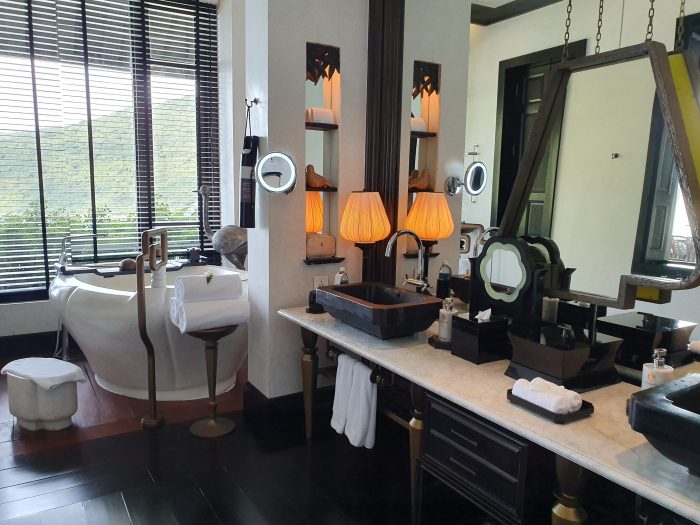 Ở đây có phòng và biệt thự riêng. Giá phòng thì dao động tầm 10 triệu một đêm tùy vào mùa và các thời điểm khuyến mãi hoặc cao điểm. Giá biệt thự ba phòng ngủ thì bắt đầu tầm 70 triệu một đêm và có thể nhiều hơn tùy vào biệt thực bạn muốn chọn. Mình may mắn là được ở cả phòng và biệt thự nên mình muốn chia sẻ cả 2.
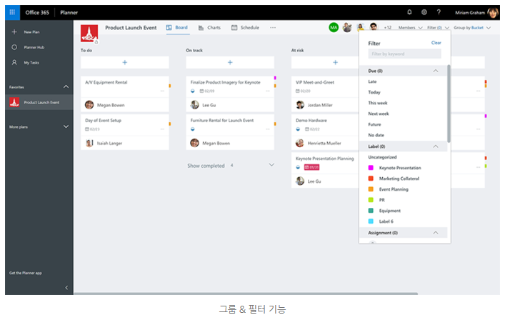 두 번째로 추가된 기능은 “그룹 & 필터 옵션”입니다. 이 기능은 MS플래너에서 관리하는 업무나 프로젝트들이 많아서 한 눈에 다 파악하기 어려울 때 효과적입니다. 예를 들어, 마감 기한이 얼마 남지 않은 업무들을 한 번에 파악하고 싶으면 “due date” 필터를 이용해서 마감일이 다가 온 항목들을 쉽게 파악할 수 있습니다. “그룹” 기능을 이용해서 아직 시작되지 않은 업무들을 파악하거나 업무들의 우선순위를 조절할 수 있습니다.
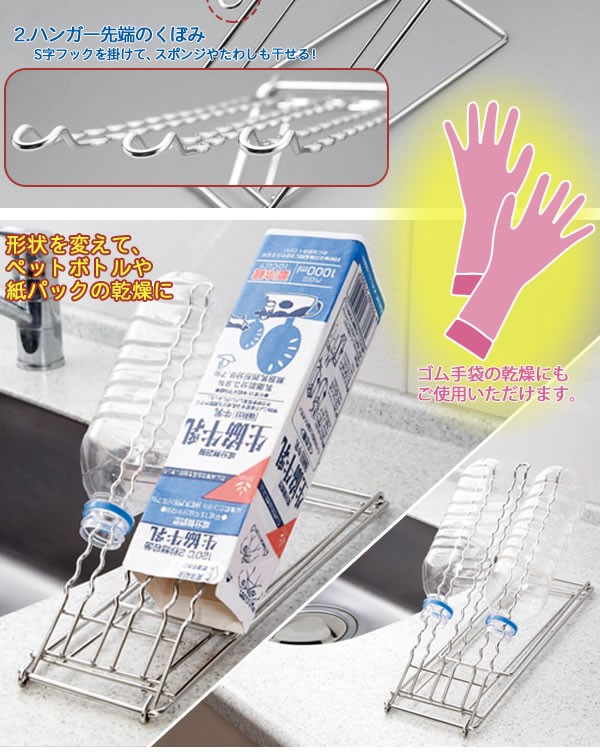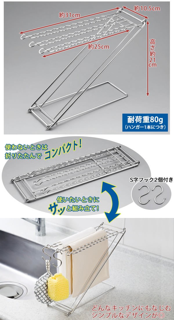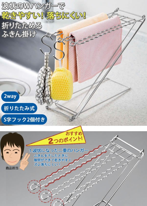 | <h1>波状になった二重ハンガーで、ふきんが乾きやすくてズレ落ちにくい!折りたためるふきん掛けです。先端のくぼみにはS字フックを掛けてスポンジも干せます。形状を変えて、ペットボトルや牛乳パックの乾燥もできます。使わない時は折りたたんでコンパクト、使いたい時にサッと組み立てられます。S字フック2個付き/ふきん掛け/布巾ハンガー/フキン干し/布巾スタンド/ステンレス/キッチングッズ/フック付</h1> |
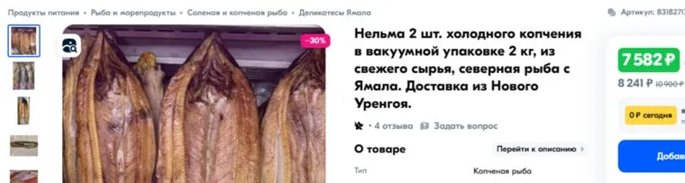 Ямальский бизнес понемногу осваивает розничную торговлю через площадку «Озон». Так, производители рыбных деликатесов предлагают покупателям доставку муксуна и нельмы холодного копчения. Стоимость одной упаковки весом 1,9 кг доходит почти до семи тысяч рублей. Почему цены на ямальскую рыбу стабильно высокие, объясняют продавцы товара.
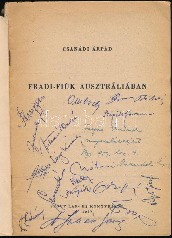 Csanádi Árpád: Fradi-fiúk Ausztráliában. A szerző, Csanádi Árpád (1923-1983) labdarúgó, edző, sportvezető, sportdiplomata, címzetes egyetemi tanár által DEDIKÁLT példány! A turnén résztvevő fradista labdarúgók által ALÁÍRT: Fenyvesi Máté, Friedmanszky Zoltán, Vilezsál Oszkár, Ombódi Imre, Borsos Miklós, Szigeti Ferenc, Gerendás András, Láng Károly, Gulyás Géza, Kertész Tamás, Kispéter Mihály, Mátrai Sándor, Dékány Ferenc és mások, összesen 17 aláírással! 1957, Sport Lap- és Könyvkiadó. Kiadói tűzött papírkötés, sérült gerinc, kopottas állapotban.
+ + + + + + +
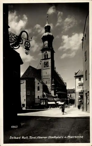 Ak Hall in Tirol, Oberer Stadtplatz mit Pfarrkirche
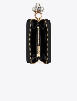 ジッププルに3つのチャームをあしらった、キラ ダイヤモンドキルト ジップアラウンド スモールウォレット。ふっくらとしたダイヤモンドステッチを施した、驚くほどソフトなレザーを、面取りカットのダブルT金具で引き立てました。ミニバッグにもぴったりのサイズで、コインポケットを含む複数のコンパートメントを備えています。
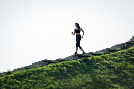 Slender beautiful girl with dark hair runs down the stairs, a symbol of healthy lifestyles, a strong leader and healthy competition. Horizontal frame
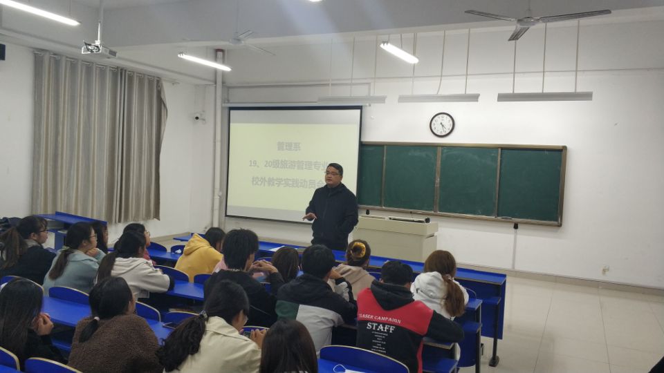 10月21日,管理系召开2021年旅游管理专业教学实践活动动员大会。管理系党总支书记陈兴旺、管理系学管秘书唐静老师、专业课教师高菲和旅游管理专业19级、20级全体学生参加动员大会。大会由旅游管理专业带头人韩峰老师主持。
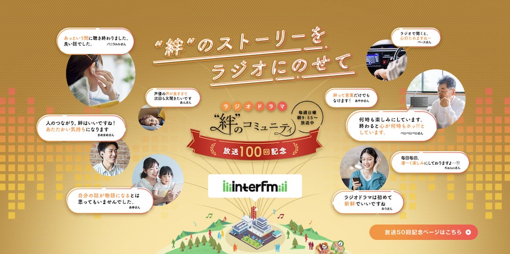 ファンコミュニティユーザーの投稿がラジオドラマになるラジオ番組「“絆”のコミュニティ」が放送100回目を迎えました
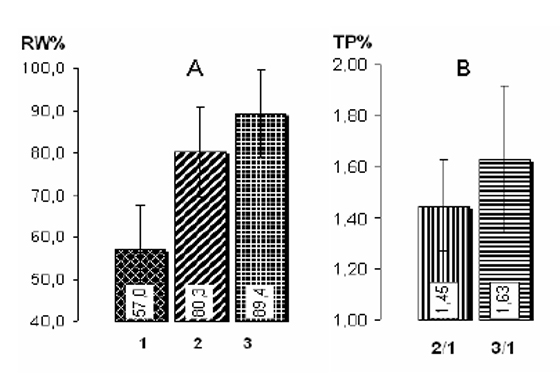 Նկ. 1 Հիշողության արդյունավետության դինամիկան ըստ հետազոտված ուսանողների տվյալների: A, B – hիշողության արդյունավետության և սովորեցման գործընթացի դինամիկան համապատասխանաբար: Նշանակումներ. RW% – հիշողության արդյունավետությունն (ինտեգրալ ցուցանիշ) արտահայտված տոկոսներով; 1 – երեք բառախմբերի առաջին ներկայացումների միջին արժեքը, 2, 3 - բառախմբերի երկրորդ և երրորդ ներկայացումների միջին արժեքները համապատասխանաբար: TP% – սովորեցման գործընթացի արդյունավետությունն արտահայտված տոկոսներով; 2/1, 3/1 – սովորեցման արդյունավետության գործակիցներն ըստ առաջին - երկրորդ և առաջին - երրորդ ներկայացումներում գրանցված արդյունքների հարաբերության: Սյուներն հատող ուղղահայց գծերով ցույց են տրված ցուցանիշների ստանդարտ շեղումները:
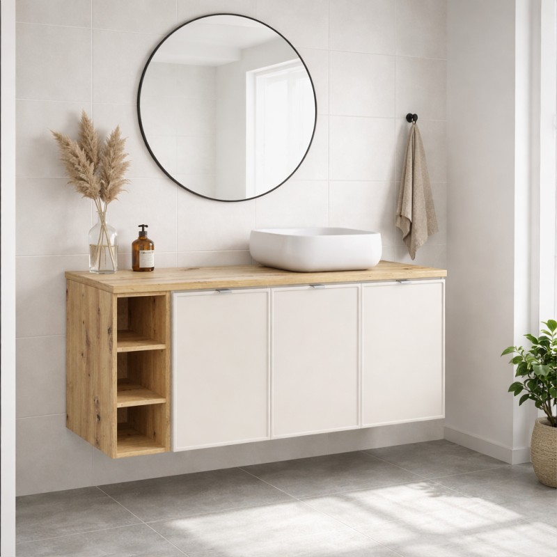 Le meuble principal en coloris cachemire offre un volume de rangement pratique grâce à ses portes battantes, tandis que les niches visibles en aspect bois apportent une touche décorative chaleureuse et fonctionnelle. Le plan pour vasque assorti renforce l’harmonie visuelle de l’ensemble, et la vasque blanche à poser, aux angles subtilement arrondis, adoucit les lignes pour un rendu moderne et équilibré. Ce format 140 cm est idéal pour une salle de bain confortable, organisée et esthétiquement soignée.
+ + + + + + +
Task item >> Write back the stretch of lines above that begins with the line holding "ファンコミュニティユーザーの" and ends with the line holding "Le meuble principal", both included, exactly as written. Pictures stay out.

Solution >>
 ファンコミュニティユーザーの投稿がラジオドラマになるラジオ番組「“絆”のコミュニティ」が放送100回目を迎えました
 Նկ. 1 Հիշողության արդյունավետության դինամիկան ըստ հետազոտված ուսանողների տվյալների: A, B – hիշողության արդյունավետության և սովորեցման գործընթացի դինամիկան համապատասխանաբար: Նշանակումներ. RW% – հիշողության արդյունավետությունն (ինտեգրալ ցուցանիշ) արտահայտված տոկոսներով; 1 – երեք բառախմբերի առաջին ներկայացումների միջին արժեքը, 2, 3 - բառախմբերի երկրորդ և երրորդ ներկայացումների միջին արժեքները համապատասխանաբար: TP% – սովորեցման գործընթացի արդյունավետությունն արտահայտված տոկոսներով; 2/1, 3/1 – սովորեցման արդյունավետության գործակիցներն ըստ առաջին - երկրորդ և առաջին - երրորդ ներկայացումներում գրանցված արդյունքների հարաբերության: Սյուներն հատող ուղղահայց գծերով ցույց են տրված ցուցանիշների ստանդարտ շեղումները:
 Le meuble principal en coloris cachemire offre un volume de rangement pratique grâce à ses portes battantes, tandis que les niches visibles en aspect bois apportent une touche décorative chaleureuse et fonctionnelle. Le plan pour vasque assorti renforce l’harmonie visuelle de l’ensemble, et la vasque blanche à poser, aux angles subtilement arrondis, adoucit les lignes pour un rendu moderne et équilibré. Ce format 140 cm est idéal pour une salle de bain confortable, organisée et esthétiquement soignée.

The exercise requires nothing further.